High Performance Computing Center North
In this exercise you will implement the Scalable Universal Matrix Multiplication Algorithm (SUMMA)  to compute the matrix product C = AB; A mxn and B nxp. You will implement the multiplication with m = n = p = dim (it is not much more difficult to implement the general case).
The algorithm is presented in algorithm 4.3-4.4 in Scientific Computing on High Performance Computers. For the broadcast operation use a pipelined operation according to algorithm 4.3, not logarithmic scheme (why?).
In the file matmult.c and matmul.f90 there is a framework for initiating the processors and distributing a matrix over the 2D grid in rectangular blocks. Look in the files for more information. matmult.c uses nrutil.c and nrutil.h so copy all three files if you are going to use matmult.c.

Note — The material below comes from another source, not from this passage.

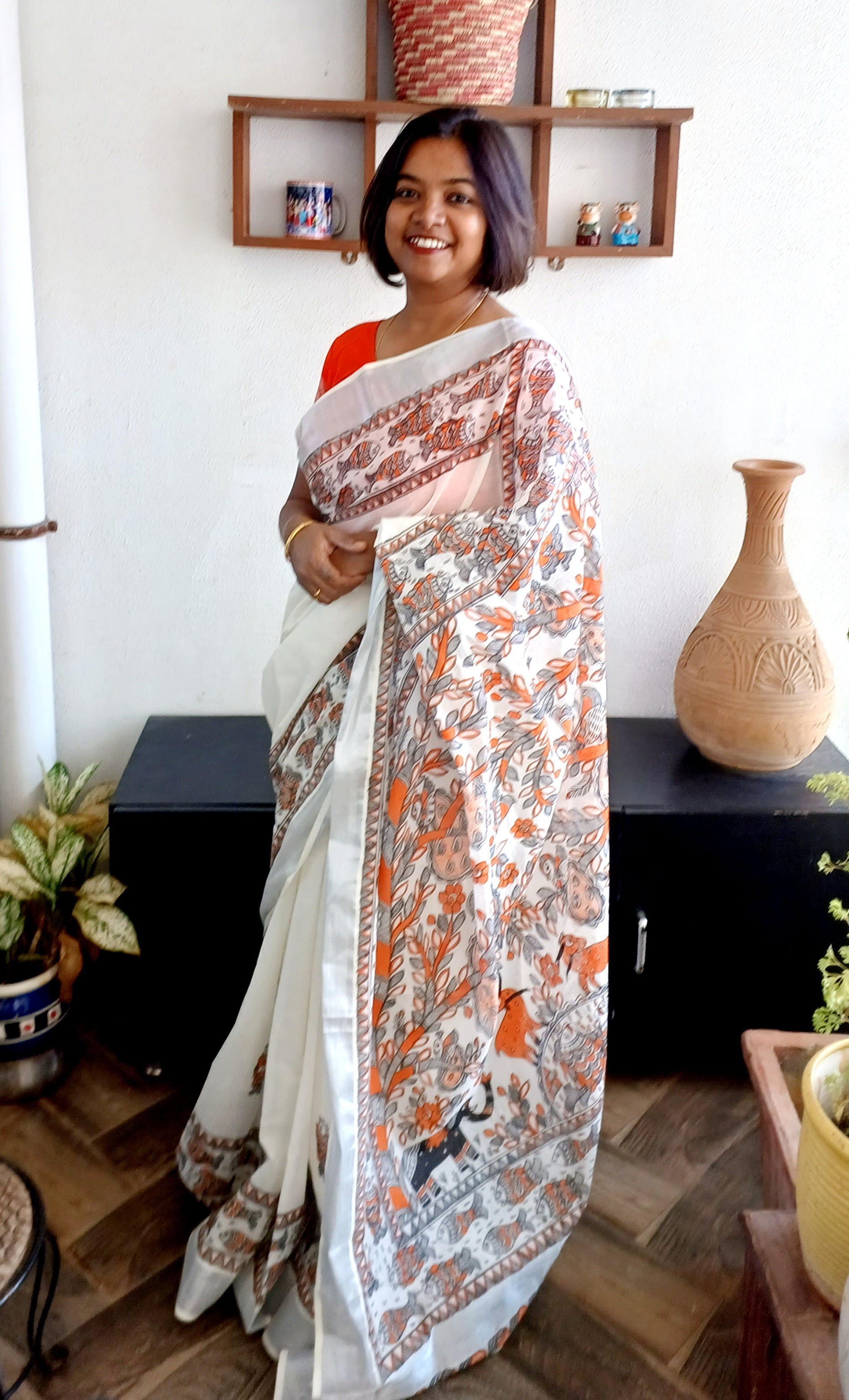 Advaita Handicrafts hand painted Madhubani Saree - Click for variety.

Observe that the distributed blocks of the matrices need not be square, they are often rectangular. This is not a problem when computing the matrix product. To obtain a higher performance use BLAS for the rank-1 update, see man sger.
The pictures in this PDF describes the variables in matmult.c
Run the routine for a different number of processors with a matrix of the size 2000. Plot (with Matlab or similar) 1) M-flops against the number of processors, 2) the ratio M-flops/n against n. Try to explain the result. You could try a smaller/larger matrix and see if you get a similar result.
Source code that may become useful: matmul.f90, matmult.c, nrutil.c and nrutil.h
The files can be downloaded by this link: ass1.tar.gz
References  R. A. van de Geijn and J. Watts. Summa: Scalable universal matrix multiplication algorithm. Technical Report CS-95-286, Univ. Tennessee, 1995.
Original assignment by Mikael Adlers, Linköpings Universitet.